You can disable the JIT globally (c.f. here), which is convenient for debugging.
Thanks!
Hi Gleize, in the event that my training session is interrupted and I need to resume, do I need to make any modifications to the configuration file, like train-defaults.yaml? I have set continue_from_checkpoint to True and pointed the model parameter to the path of the latest checkpoint. Is this the correct procedure for continuation? Thanks!
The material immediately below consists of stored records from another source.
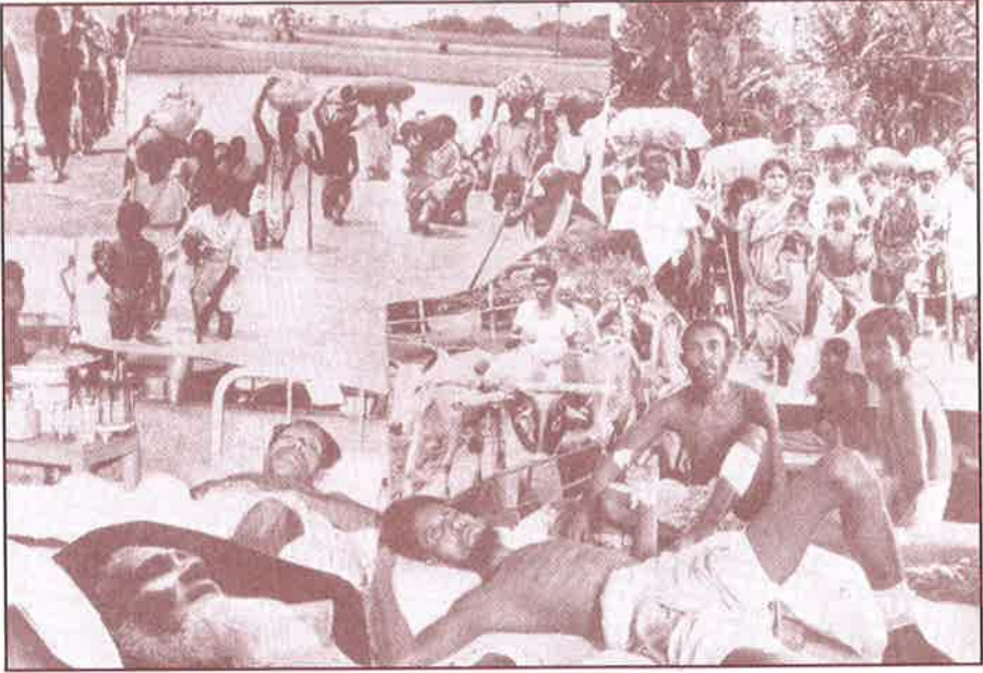
நதியைத் தாண்டிவரும் வங்க அகதிகள்
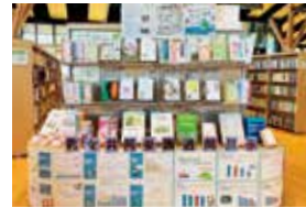
男女共同参画週間展示(令和5年度)の様子
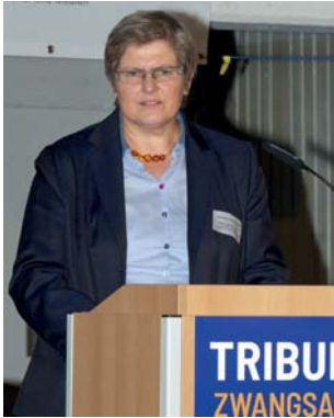
Birgit Neumann-Becker, Die Beauftragte des Landes Sachsen-Anhalt zur Aufarbeitung der SED-Diktatur
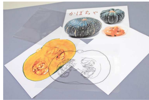
すぐに始めるセットの一部
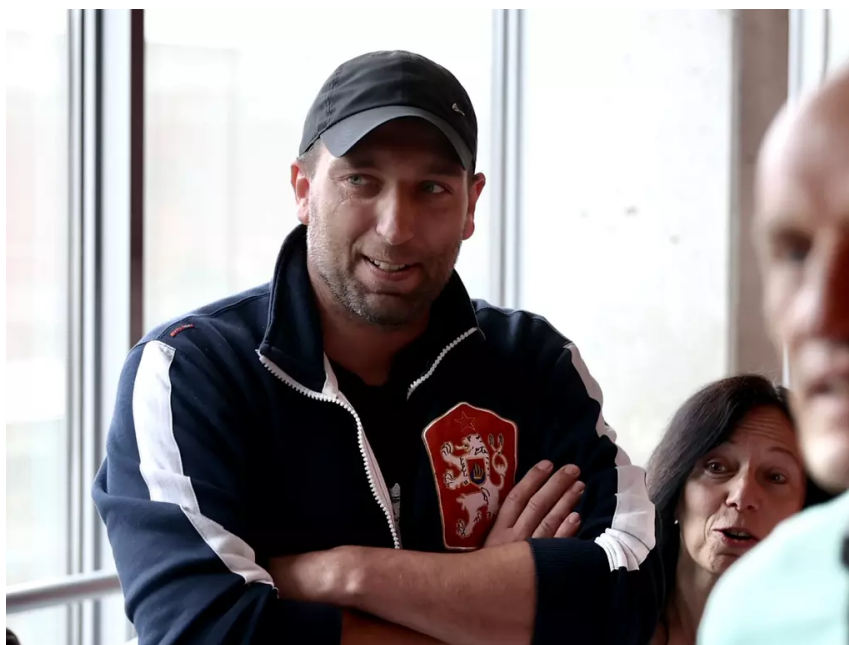
Čermák na chodbě u červnového soudního líčení.

Šířené dezinformace: Na sociálních sítích zveřejnil zprávu, že se chystá plán na diskreditaci neregistrovaného léku ivermektin. A to údajně „pomocí úmrtí (tedy vraždy) několika pacientů, kteří jej budou užívat“. Právě toto tvrzení označil prvoinstanční soud za poplašnou zprávu.

BTW, is there any strategy to speed up the training process? After changing the backbone and using my training data, it takes over 9 days to train 100 epochs.
Hi @LPXTT,
I have set continue_from_checkpoint to True and pointed the model parameter to the path of the latest checkpoint. Is this the correct procedure for continuation?
No, this is incorrect. You need to set the continue_from_checkpoint
parameter to the checkpoint file you want to load, not True
. If you search for continue_from_checkpoint
in the cadebase, you will find the part of the code that does the loading here.
BTW, is there any strategy to speed up the training process? After changing the backbone and using my training data, it takes over 9 days to train 100 epochs.
The most likely explanation for the slowdown is the large input resolution you're using. In the paper, we've shown the training time per different resolutions, and the default resolution we use trains in about 5 hours.
If your GPU has enough memory, you could try to increase the block_size
parameters. Increasing it will decrease the number of iterations, but will require more GPU memory (which might blow-up).
Another alternative is to use a smaller image resolution. We've shown that the performance saturates as the input resolution increases.
Got it! Thanks!
Hey, I've been messing around with your method for my project, and it's been pretty cool so far. Quick thing though, I'm kinda stuck with this FLOP situation. Even with just one layer in the models, the FLOPs are way higher than Superpoint. I'm thinking it's probably because we're not doing any downsampling. Does that make sense? Have you tried using Superpoint's backbone, the VGG-4, with your method? I'm really curious about how that went if you did. I'm thinking of switching to Superpoint's backbone to cut down on the FLOPs. Saw some Superpoint code in there, and I'm wondering if it's easy to switch them out? Would love to hear your thoughts when you get a chance. Thanks a ton!